We can also safely say that that claim is not correct in general if we "set it and forget", i.e. for continuous optimization. As a simple example, let's set $$P(O|A) = 0.1 \quad \text{ and } \quad P(O|B) = 0.2$$ assuming that we have $10000$ impressions per month. Let's A/B test on $2000$ impressions to get a rough estimate of these conversion rates in order to send the optimized version to the remaining users (statistical power of $99\%$). We should obtain $$N_\text{clicks}^\text{AB} = 1000*0.2 + 1000*0.1 + 0.99*0.2*(10000-1000) + 0.01*0.1*(10000-1000) = 2091$$ clicks by the end of the month, on the long run. This is to be compared to the multi-armed bandit strategy which would yield only $$N_\text{clicks}^\text{MAB} = 0.9333333*0.2*10000 + 0.0666666*0.1*10000 = 1933$$ clicks (assuming that the favored event is found immediately)... In only one month A/B testing performs better in that particular case.

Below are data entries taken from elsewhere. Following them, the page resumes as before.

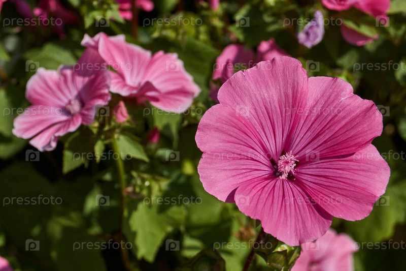 Лаватера цветет на лужайке в саду.Последние цветки лаватары перед наступлением холода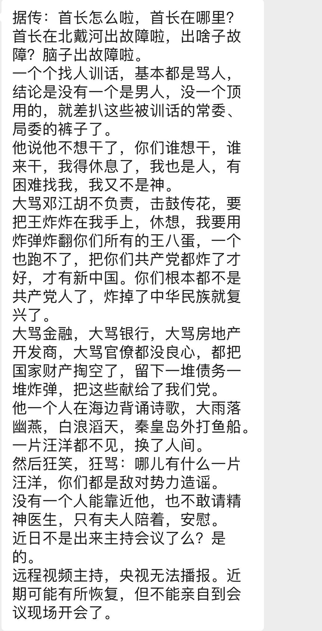 据推特网友弧度度的爆料,据传首长在北戴河出故障,一个个找人训话,基本都是骂人,结论是没一个顶用的。首长还诉苦“我也是人,有困难都好我,我又不是神。”据传,首长在北戴河大骂前任不负责,留下烂摊子,大骂银行、房地产开发商,官僚将国家掏空,留下一推债务炸弹。
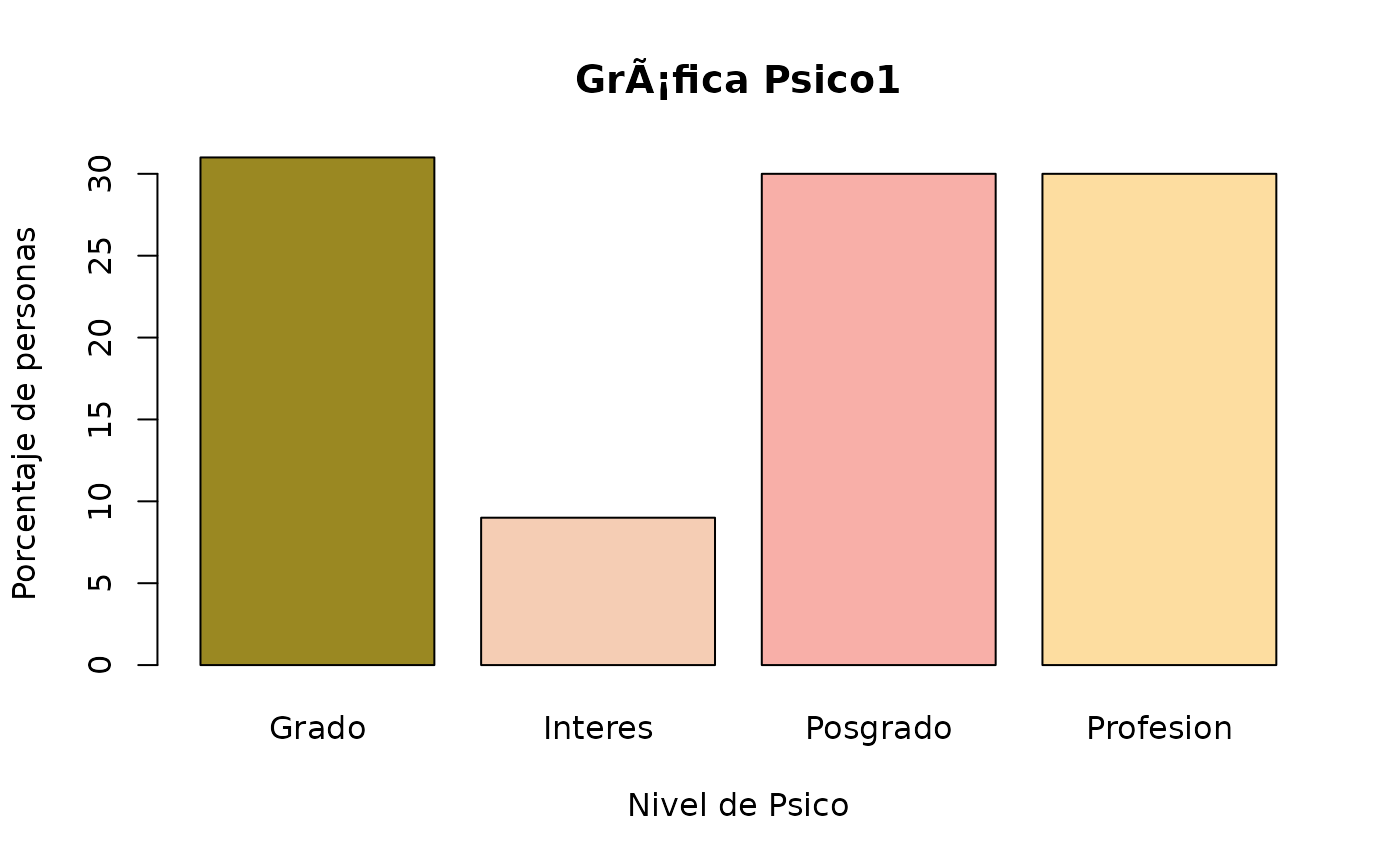 data("clima") muestrame(variable = clima["psico1"], titulo = "Gráfica Psico1", etiqueta_x = "Nivel de Psico")#> variable #> Grado Interes Posgrado Profesion #> 31 9 30 30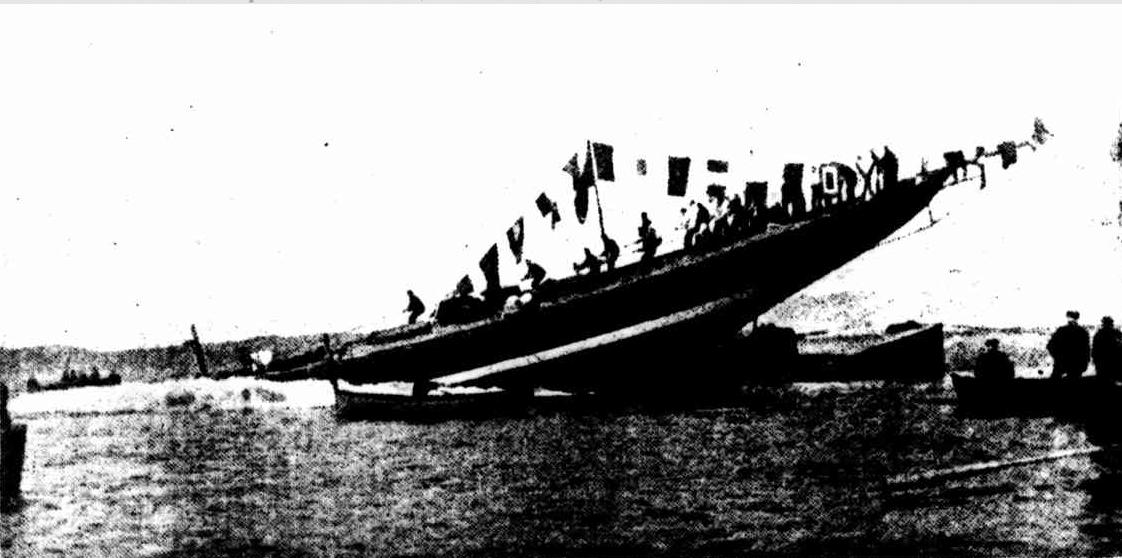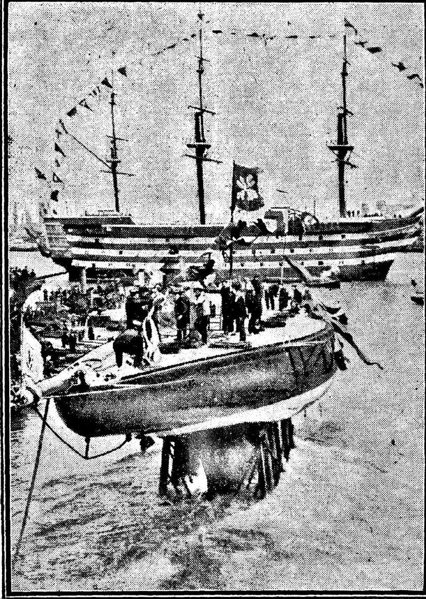 Throughout the course of the lecture Mr Marks described the rigging and the novelties introduced in the building by the designer, Mr Chas. Nicklesen. The mast, even to those unaccustomed to noting such things, appeared an enormous structure, the measurement being 168ft. from the deck. She carried a spread of canvas 13,000 square feet, and the boom stood over 7ft from the decking. Only a slide of a character exhibited last night could convey an idea of tremendous size of the yacht. The entire navigating crew were chosen experts selected from the pick of England's yachtsmen, and to a man they took a pride in their work. The weight of everything on board was tremendous, yet despite this fact the rigging was only of a light character. The crew comprised 32 men competent in their various departments, in the trials the Shamrock IV. was capable of giving Shamrock III. 45 seconds start in every mile and then win. The latter vessel at the time of the trials was the fastest cutter in the world. Prior to setting out across the Atlantic the vessel was at Spithead when the naval review was held, and in starting on the voyage was compelled to pass through 21 miles of steel composed of the might of the English navy. A great ovation was accorded the crew's of both the Erin and the Shamrock IV., which was in tow.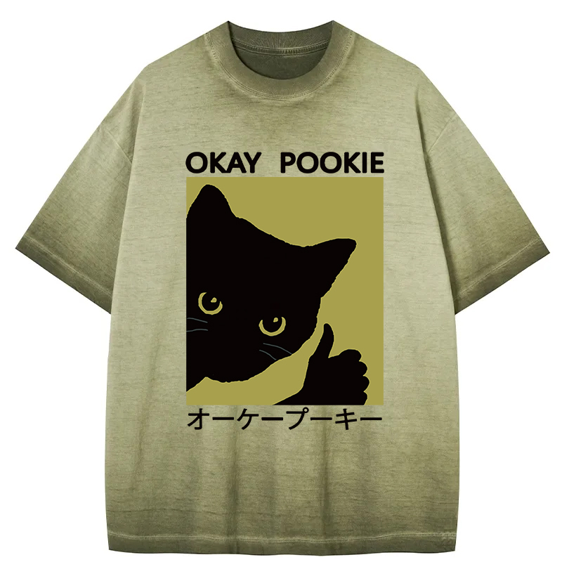 Tokyo-Assassin Okay Pookie Cat Gradient Washed T-Shirt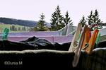 Souvent les gestes les plus anodins amènent les plus grands bonheur. Aujourd’hui, j’ai éprouvé une joie intense à suspendre ma lessive au balcon en regardant la montagne d’en face. L’air tempéré, clément, sentait le printemps. Cela faisait plus de vingt ans que je n’avais pas étendu du linge à l’air libre. Je n’avais jamais eu de balcon ou de jardin pour le faire. J’ai toujours suspendu mon linge à l’intérieur. Les dernières années passées avec Angèle, nous avions un séchoir cependant, le meilleur électroménager, ne parvient jamais à déposer sur le linge la délicieux parfum que lui donne l’oxygène d’un séchage à l’extérieur. Après avoir suspendu mes deux corbeilles, j’ai laissé la porte fenêtre ouverte. L’odeur de propre qui entrait dans ma chambre bureau ma remplie de bonheur. Je me suis sentie immensément riche. Mon balcon c’est mon luxe. Je suis riche.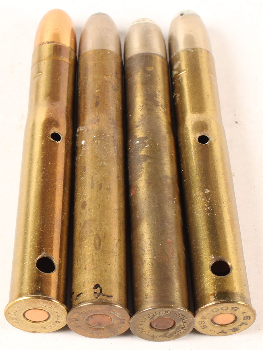 Lot of 4. 500-465 Nitro. (1) HS:''ELEY . .500-465 .'', RN CN SP, two non-factory holes in case. (1) HS:''KYNOCH 500-465 NITRO'', RN CJ FMJ, two non factory holes in case. (1) HS:''KYNOCH 500-465 NITRO'', RN CN SP. (1) HS:''HOLLAND & HOLLAND 465E'', RN CN SP. Grade Very Good - Value: 10 to 60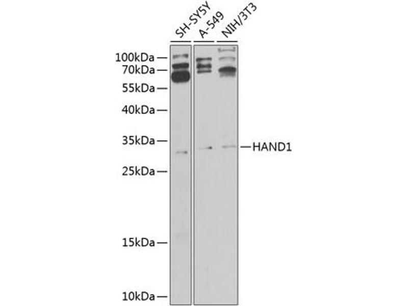 The protein encoded by this gene belongs to the basic helix-loop-helix family of transcription factors. This gene product is one of two closely related family members, the HAND proteins, which are asymmetrically expressed in the developing ventricular chambers and play an essential role in cardiac morphogenesis. Working in a complementary fashion, they function in the formation of the right ventricle and aortic arch arteries, implicating them as mediators of congenital heart disease. In addition, it has been suggested that this transcription factor may be required for early trophoblast differentiation.,HAND1,Hxt,Thing1,bHLHa27,eHand,Epigenetics & Nuclear Signaling,Transcription Factors,Cell Biology & Developmental Biology,Stem Cells,Cardiovascular,Angiogenesis,Heart,Cardiogenesis,HAND1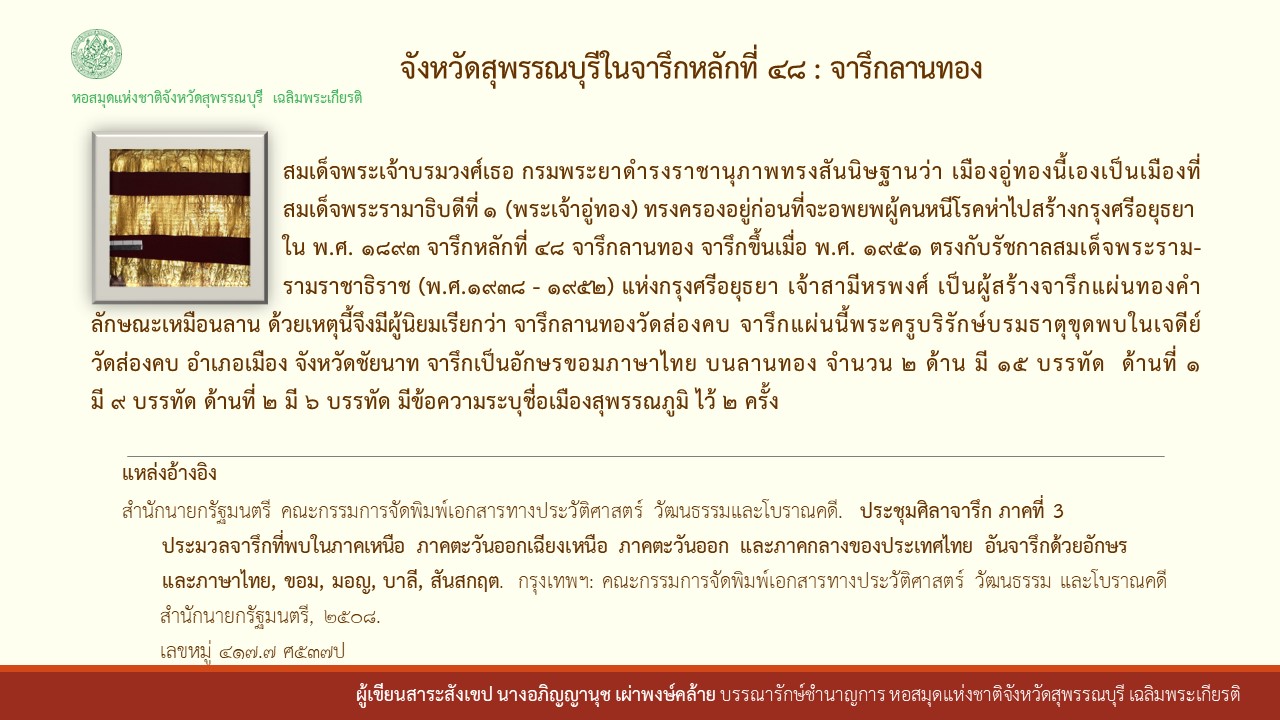 องค์ความรู้สุพรรณบุรี เรื่อง จังหวัดสุพรรณบุรีในจารึกหลักที่ ๔๘ : จารึกลานทอง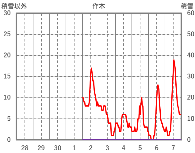 | 日 | 時 | 気温 | 降水 | 風向/風速 | 日照 | 積雪 | 降雪 |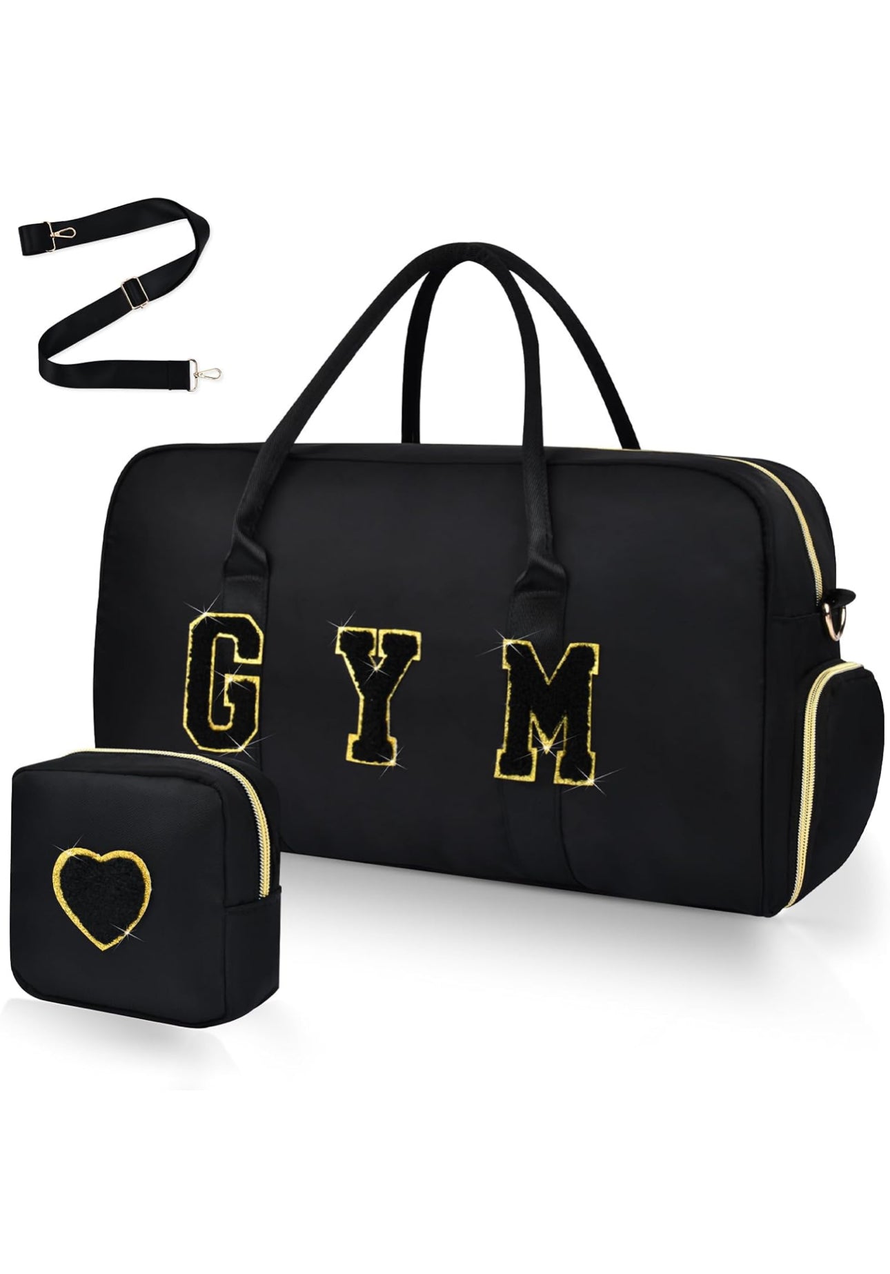 - [Cute & Fun Chenille Embroidered] The gym duffle bag features charming chenille embroidered lettering, meticulously sewn directly onto the front of the bag. The soft, textured chenille embroidery enhances the bag's overall aesthetic, making it stand out from ordinary gym sport bags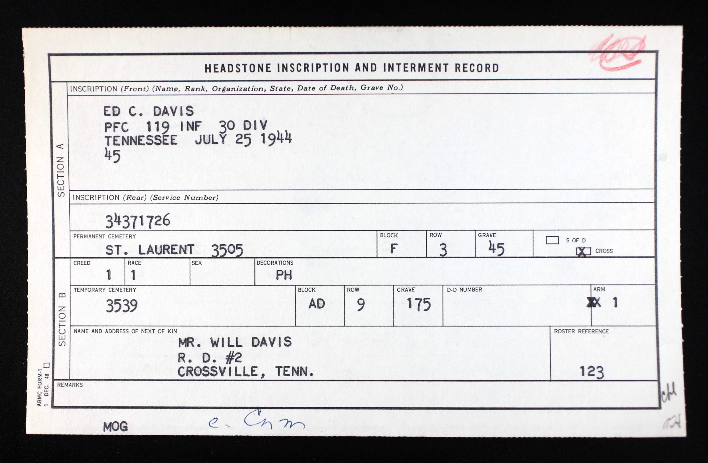 Private First Class Edward C. Davis was assigned to the 119th Infantry Regiment, 30th Infantry Division (Old Hickory). The unit was made up of National Guardsmen from North Carolina, South Carolina, Georgia, and Tennessee. The 30th Division went into Normandy across Omaha Beach on D-Day +5. It secured the Vire-et-Taute Canal and crossed the Vire river on 7 July 1944.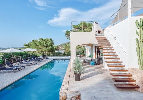 This exceptional villa in Cala Moli combines modern comfort, elegant design, and spectacular outdoor spaces. With a large pool, stunning sea views, and multiple terraces, it offers the perfect retreat for families or groups. Book your stay now and enjoy an unforgettable Ibiza holiday!
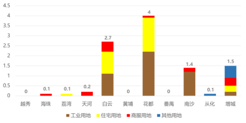 广州市可招商土地资源分区域分用途情况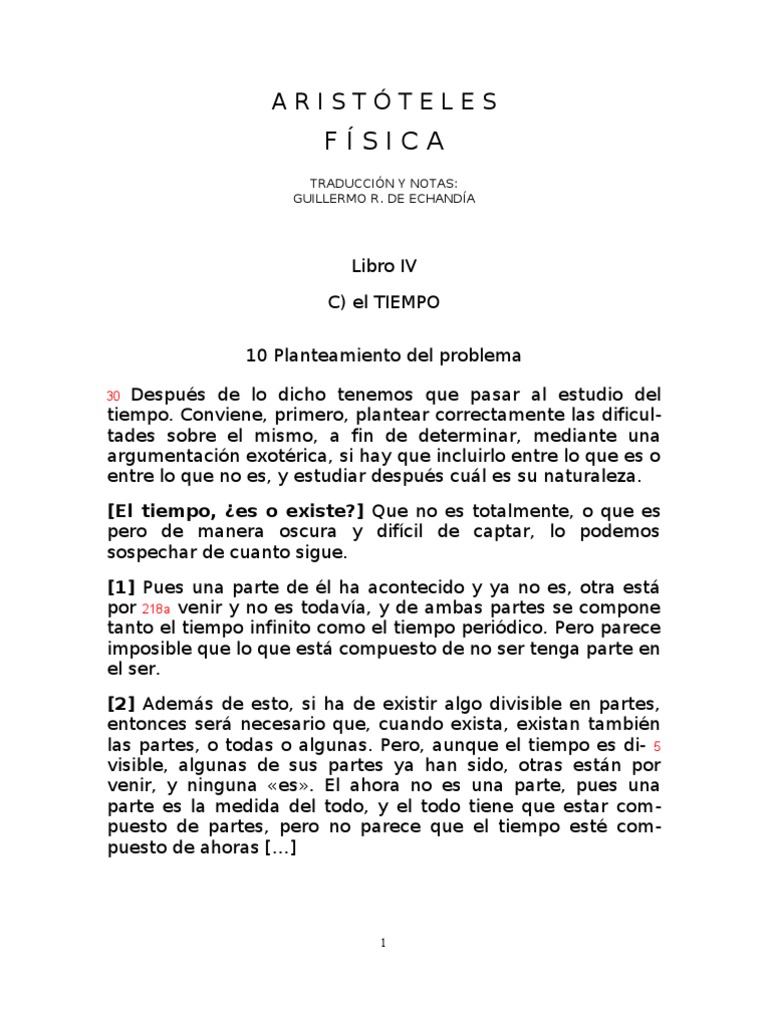 Aristóteles Física El Tiempo | PDF | Hora | Movimiento física 😈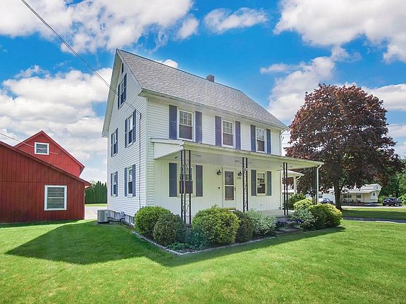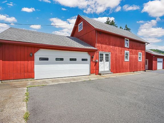 Welcome to your FARMHOUSE COLONIAL with a 2-car detached garage plus a massive 36 x 24 heated workshop, half bath, second-floor storage area, and an additional 24 x 30 2-car detached garage! Enjoy relaxing nights on two covered porches with scenic mountain views and ample parking. Previously used as a HVAC business, the property offers versatility for your own business or storage needs. Meticulously maintained, the first floor features a spacious kitchen with plenty of cabinets and appliances, a dining area, home office, half bath, and a living room with built-ins and a picture window. Upstairs, find the main bedroom, two additional bedrooms, and a full bath with jacuzzi and shower. The third floor offers a main bedroom or teen suite with a tandem bedroom or sitting room. With its spacious yard and abundance of parking, 2099 Calkins Rd offers endless possibilities with regard to the garages, close to Mass Pike & all main routes a PLUS!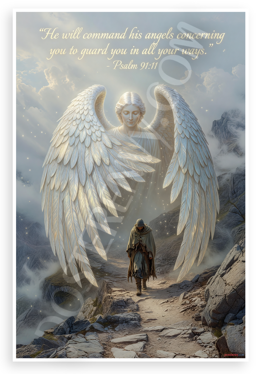 This 12x18 inch poster is printed on premium, durable paper. Proudly Made in the USA by PosterEnvy. The perfect size for any room. PosterEnvy is a family owned business, delivering top-notch posters around the world for over 20 years. Our posters are designed to last — they won't fade or pucker for years of enjoyment. Every poster features crisp, vivid artwork. We are a solar powered company. This ethereal artwork depicts a majestic white angel with expansive wings guarding a cloaked traveler on a rocky mountain path amidst clouds and glowing light, paired with the inspiring Bible verse Psalm 91:11 for a sense of divine protection and serenity.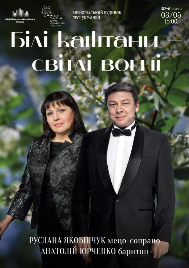 Про подію Білі каштани – світлі вогніРуслана Якобінчук мецо-сопраноАнатолій Юрченко баритонАнна Поліщук фортепіаноКонцерт веде Наталія Насікан

The "set and forget" part is actually a more workaround than a feature: it is not as easy to say when to stop using that strategy compared to proper A/B testing. Comparing overall click-through rates at constant sample size is not relevant. You would have to estimate a proper sample size for the multi-armed bandit strategy, by using the code, running simulations, estimating the "experimental" distributions for different $N$ until reaching the proper overlap (i.e. the proper statistical level).
As well, multivariate analysis (let's say to identify interactions between the button color, shape and font size) requires the same setup as basic A/B testing. In particular, this kind of analysis cannot be performed using the multi-armed bandit strategy because we need significant estimates of the differences.
All that said, of course there are numerous cases where we expect the multi-armed bandit strategy to outperform A/B testing. But not "always"/"systematically"... not even "generally"! The two methods answer different questions, both of which can lead to far higher click-through rates than the other depending on the case and how these methods are used.